Federal Taxes on Consumption

April 17, 1936

Report Outline
Prospective Revision of House Tax Bill by the Senate
Proportionate Burden of Direct and Indirect Taxes
Farm Processing Taxes and the Federal Revenues
General Sales Tax as Alternative Revenue Source
Special Focus

Prospective Revision of House Tax Bill by the Senate

The New Tax Bill framed by the Ways and Means Committee in response to the request for additional revenues made by President Roosevelt on March 3, 1936, is expected to be reported to the House of Representatives within the next few days and to be passed by that body after comparatively brief debate. It is estimated that the measure in its present form would produce $799,000,000 in the first year and $591,000,000 each year thereafter. The President asked for 792,000.000 annually for three years and $620,000,000 thereafter. Speaker Byrns predicted on April 13 that the Chief Executive would insist that sufficient new taxes be provided to restore the budget to the position it occupied before invalidation of the Agricultural Adjustment Act and passage of the bill for immediate payment of the bonus.
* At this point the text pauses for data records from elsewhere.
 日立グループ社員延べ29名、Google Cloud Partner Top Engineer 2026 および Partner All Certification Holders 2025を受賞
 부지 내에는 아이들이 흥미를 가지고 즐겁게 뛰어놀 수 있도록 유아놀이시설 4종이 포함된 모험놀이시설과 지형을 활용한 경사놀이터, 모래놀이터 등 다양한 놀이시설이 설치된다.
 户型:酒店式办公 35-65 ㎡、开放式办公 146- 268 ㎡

It was thought, however, that the task of rewriting the tax bill to accomplish that objective would be left to the Senate.
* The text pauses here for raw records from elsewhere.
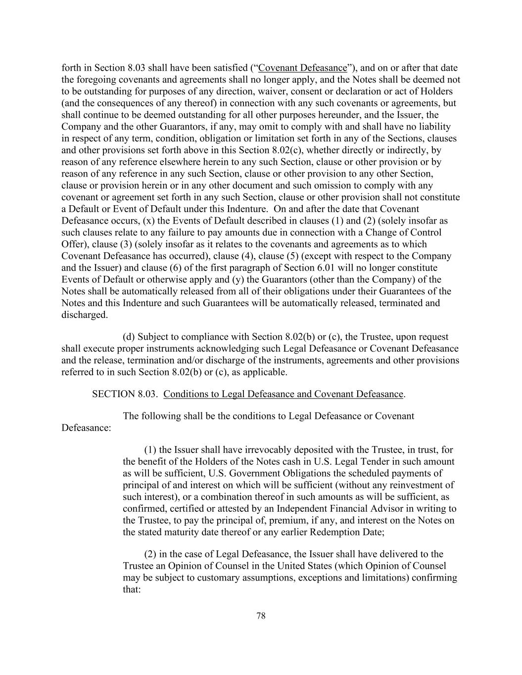 78 forth in Section 8.03 shall have been satisfied (“Covenant Defeasance”), and on or after that date the foregoing covenants and agreements shall no longer apply, and the Notes shall be deemed not to be outstanding for purposes of any direction, waiver, consent or declaration or act of Holders (and the consequences of any thereof) in connection with any such covenants or agreements, but shall continue to be deemed outstanding for all other purposes hereunder, and the Issuer, the Company and the other Guarantors, if any, may omit to comply with and shall have no liability in respect of any term, condition, obligation or limitation set forth in any of the Sections, clauses and other provisions set forth above in this Section 8.02(c), whether directly or indirectly, by reason of any reference elsewhere herein to any such Section, clause or other provision or by reason of any reference in any such Section, clause or other provision to any other Section, clause or provision herein or in any other document and such omission to comply with any covenant or agreement set forth in any such Section, clause or other provision shall not constitute a Default or Event of Default under this Indenture. On and after the date that Covenant Defeasance occurs, (x) the Events of Default described in clauses (1) and (2) (solely insofar as such clauses relate to any failure to pay amounts due in connection with a Change of Control Offer), clause (3) (solely insofar as it relates to the covenants and agreements as to which Covenant Defeasance has occurred), clause (4), clause (5) (except with respect to the Company and the Issuer) and clause (6) of the first paragraph of Section 6.01 will no longer constitute Events of Default or otherwise apply and (y) the Guarantors (other than the Company) of the Notes shall be automatically released from all of their obligations under their Guarantees of the Notes and this Indenture and such Guarantees will be automatically released, terminated and discharged. (d) Subject to compliance with Section 8.02(b) or (c), the Trustee, upon request shall execute proper instruments acknowledging such Legal Defeasance or Covenant Defeasance and the release, termination and/or discharge of the instruments, agreements and other provisions referred to in such Section 8.02(b) or (c), as applicable. SECTION 8.03. Conditions to Legal Defeasance and Covenant Defeasance. The following shall be the conditions to Legal Defeasance or Covenant Defeasance: (1) the Issuer shall have irrevocably deposited with the Trustee, in trust, for the benefit of the Holders of the Notes cash in U.S. Legal Tender in such amount as will be sufficient, U.S. Government Obligations the scheduled payments of principal of and interest on which will be sufficient (without any reinvestment of such interest), or a combination thereof in such amounts as will be sufficient, as confirmed, certified or attested by an Independent Financial Advisor in writing to the Trustee, to pay the principal of, premium, if any, and interest on the Notes on the stated maturity date thereof or any earlier Redemption Date; (2) in the case of Legal Defeasance, the Issuer shall have delivered to the Trustee an Opinion of Counsel in the United States (which Opinion of Counsel may be subject to customary assumptions, exceptions and limitations) confirming that:
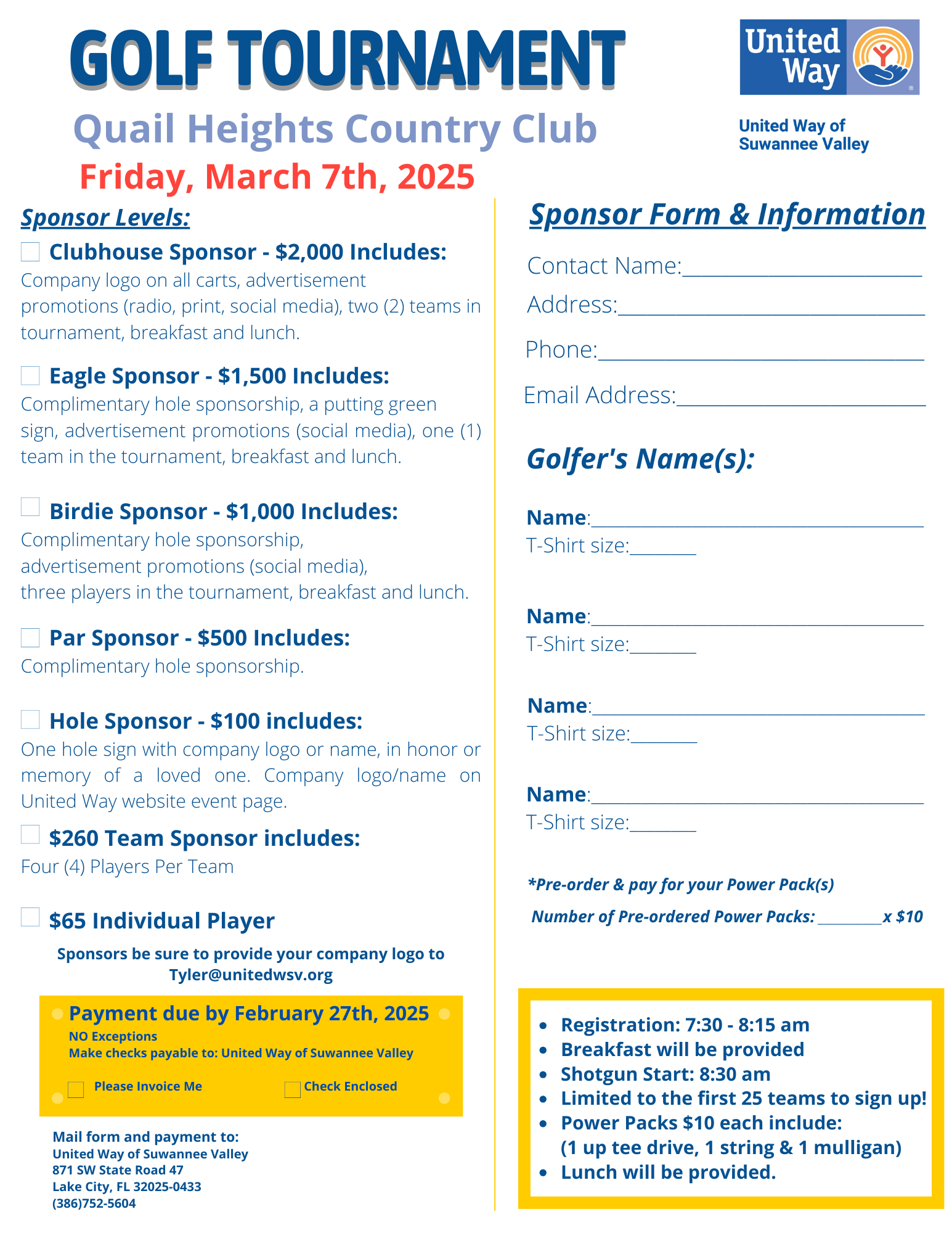 Join us for United Way of Suwannee Valley's 2025 Golf Tournament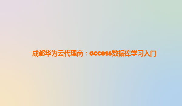 2024-01-05成都华为云代理商:Access数据库学习入门 目录 什么是Access数据库? 华为云的优势 Access数据库学习指南 总结 1.什么是Access数据库? Access...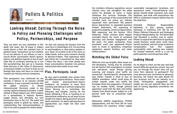 That perspective was reinforced for me recently in Mexico at an industry LATAM conference. It was a powerful reminder that the global economy is deeply interconnected. Decisions made in one country ripple far beyond its borders. A tariff related to Brazil doesn’t just shift numbers on a spreadsheet, it impacts families, supply chains, and ultimately our own businesses here in the U.S. The pallet and packaging world is global by nature, and understanding that interconnectedness is vital if we want to prepare for what’s ahead.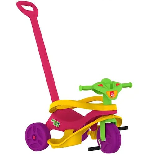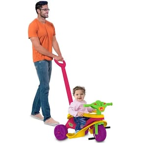 2 em 1 Escolha entre acompanhar o passeio, ou deixar seu filho andar livremente com o brinquedo. Se quiser assumir o controle, é só usar a haste, ou removê-la caso queira ver seu filho brincando com mais autonomia!

Failure of the Ways and Means Committee to approve the President's suggestion that new processing taxes be levied at low rates on a broad list of agricultural commodities is chiefly responsible for the revenue deficiencies of the pending measure. It is now believed that there is more than an even chance that the Senate Finance Committee will revive that proposal, that the Senate itself will consent, and that the House will finally accept the change. The difficulty of finding other adequate sources of revenue not politically objectionable lends support to this view.
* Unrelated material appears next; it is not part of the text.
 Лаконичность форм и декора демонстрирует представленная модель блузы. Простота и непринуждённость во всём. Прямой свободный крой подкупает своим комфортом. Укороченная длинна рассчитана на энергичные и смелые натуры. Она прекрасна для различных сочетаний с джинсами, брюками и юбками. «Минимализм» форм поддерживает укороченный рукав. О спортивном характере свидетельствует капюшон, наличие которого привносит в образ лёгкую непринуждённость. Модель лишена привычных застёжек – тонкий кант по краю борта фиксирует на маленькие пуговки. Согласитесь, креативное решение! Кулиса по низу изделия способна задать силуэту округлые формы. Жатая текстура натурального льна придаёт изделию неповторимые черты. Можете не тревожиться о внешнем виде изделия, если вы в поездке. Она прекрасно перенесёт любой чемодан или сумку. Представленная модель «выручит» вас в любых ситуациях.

Consumption Taxes vs. Higher Personal Income Taxes

It has been said that the Senate Finance Committee will consider as a substitute for new processing taxes an upward revision of individual income taxes. Early in March the Treasury gave estimates on several proposals of this nature as alternatives to the suggestions contained in the President's message. It stated that by lowering the exemptions for single persons from $1,000 to $800 and for married persons from $2,500 to $2,000, an additional revenue of $45,000,000 could be obtained. An increase in the rate of the normal tax from 4 to 6 per cent was estimated to yield $121,000,000. A reduction of the surtax exemption from $4,000 to $3,000, accompanied by a sharp increase in surtax rates up to the $100,000 bracket, was estimated, moreover, to yield $226,000,000, while a combination of all these proposals was counted upon to produce $446,000,000.